- Chainpur, Saharsa Location in Bihar, India Chainpur, Saharsa Chainpur, Saharsa (India)
- Coordinates: 25°31′N 86°19′E﻿ / ﻿25.52°N 86.31°E
- Country: India
- State: Bihar
- District: Saharsa
- Elevation: 41 m (135 ft)

Population (2001)
- • Total: 25,584

Languages
- • Official: Hindi, Maithili
- Time zone: UTC+5:30 (IST)
- PIN: 852212
- Telephone code: 06478
- ISO 3166 code: IN-BR

= Chainpur, Saharsa, Bihar =

Chainpur is one of the largest villages of Saharsa District in the Indian state of Bihar in North-East India, and is in the Kosi Division.
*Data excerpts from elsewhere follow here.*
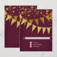 Returkort för osa med kuvert. Slimmad. Modern. Chic. Underskattat glam - med glittrande vimpelbanderoller i två skuggor av glitter med mousserande pepparkonger i olika storlekar och skuggor av guld. Svårstartsstjärnor belyser gnistran. En mycket contemporary typografisk textlayout som är allt annat än traditionell. Det är enkelt och kort. Det står till dina gäster: "Vi kastar en party och det blir party under en livstid!" För eleganten men icke-traditionell brud och trimning. FÄRG: Djupt mörk, vin, burgundy crimson red och guld, golden glitter. Särskilt lämpligt för höst- och höstbröllop, Nyårsafton Party, Födelsedagsfester och party-årsmeddelanden.
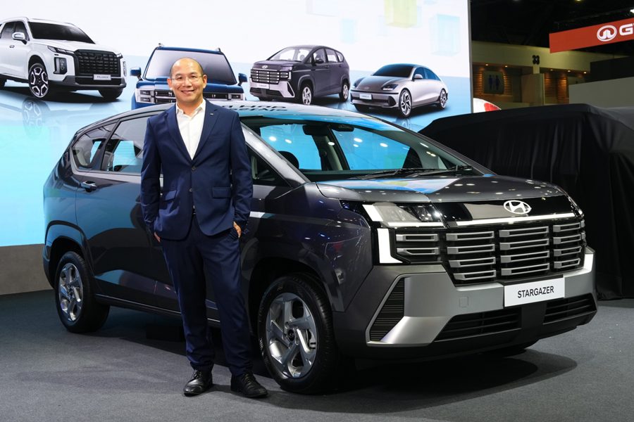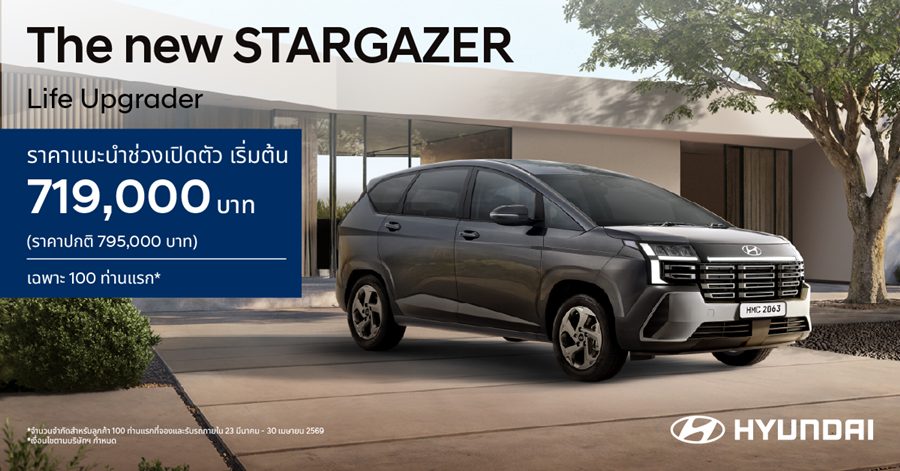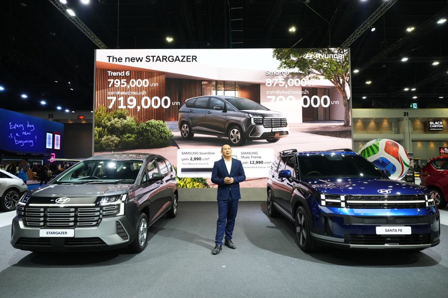 ขณะเดียวกัน ฮุนไดยังเปิดตัว Hyundai new STARGAZER รถยนต์ 6 ที่นั่ง 3 แถว รุ่นปรับโฉมใหม่ รถอเนกประสงค์ที่ออปชันความปลอดภัยครบสุดในคลาสด้วย Hyundai SmartSense มากถึง 13 ระบบ พัฒนาภายใต้แนวคิด “Life Upgrader” อัปชีวิตให้เหนือกว่า เพื่อตอบโจทย์ไลฟ์สไตล์ของผู้ใช้งานยุคใหม่ ทั้งครอบครัวรุ่นใหม่ สตาร์ตอัปยุคใหม่ และผู้ที่ต้องการรถยนต์ที่รองรับการใช้งานได้หลากหลายในคันเดียว ตัวรถได้รับการออกแบบใหม่ทั้งหมด ให้ภาพลักษณ์แข็งแกร่ง ทันสมัย และมีบุคลิกแบบ SUV มากยิ่งขึ้น โดยตัวถังมีความยาวเพิ่มขึ้น 115 มิลลิเมตร ช่วยให้สัดส่วนโดยรวมดูใหญ่และทรงพลังขึ้น พร้อมไฟหน้า ไฟท้าย แบบ LED และไฟ Daytime Running แบบ Integrated ที่ช่วยเพิ่มความโดดเด่นบนท้องถนน ด้านสมรรถนะ Hyundai new STARGAZER ขับเคลื่อนด้วยเครื่องยนต์ 1.5 MPi ให้กำลังสูงสุด 113 แรงม้า และแรงบิด 144 นิวตันเมตร จับคู่เกียร์ IVT (Intelligent Variable Transmission) ที่ให้การขับขี่นุ่มนวลและตอบสนองดีในชีวิตประจำวัน พร้อมมอบอัตราการประหยัดน้ำมันสูงสุด 17.24 กม./ลิตร*** และพัฒนาระบบ NVH เพื่อลดเสียงรบกวนและแรงสั่นสะเทือน เพิ่มความเงียบและความสบายภายในห้องโดยสาร อีกทั้งยังมาพร้อมเทคโนโลยีความปลอดภัย Hyundai SmartSense (ADAS) มากถึง 13 ระบบ ซึ่งถือว่าครบครันที่สุดในเซกเมนต์ เช่น ระบบควบคุมความเร็วอัตโนมัติแบบแปรผัน (SCC) พร้อม Stop & Go, ระบบช่วยเตือนและเบรกฉุกเฉินอัตโนมัติที่ทางแยก (FCA-JT), ระบบเตือนและเบรกอัตโนมัติขณะถอยรถ (RCCA), ระบบช่วยควบคุมรถให้อยู่ในเลน (LKA) เพื่อเพิ่มความมั่นใจในทุกการเดินทาง โดยเปิดตัว 2 รุ่นย่อย ประกอบด้วย รุ่น Trend 6 และ Smart 6
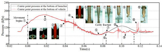 The pressure change of the cavity during movement has always been the focus of many studies. To better illustrate the motion characteristics of the tail attachment cavity, this section continues to analyze the pressure variation of the tail attachment cavity of the vehicle under case 1 by installing pressure sensors at the center of the bottom of the vehicle. The pressure data of the tail attachment cavity recorded by the pressure sensor at the tail of the vehicle were compared with the pressure data at the center point at the bottom of the launching cylinder, as shown in

In the revenue documents, it is mentioned as 'Chainpur Uttar Khand'. Chainpur has a number of tolas and occasionally called Pubari, Pachhwari, Uttarwari and Dakshinwari tola.

Chainpur is part of Kahra Block. Chainpur is located in among Bariahi, Bangaon, Parari and Mahishi.

==Geography==
Chainpur and its surrounding areas are a flat alluvial plain forming part of the Kosi river basin. This makes the land very fertile.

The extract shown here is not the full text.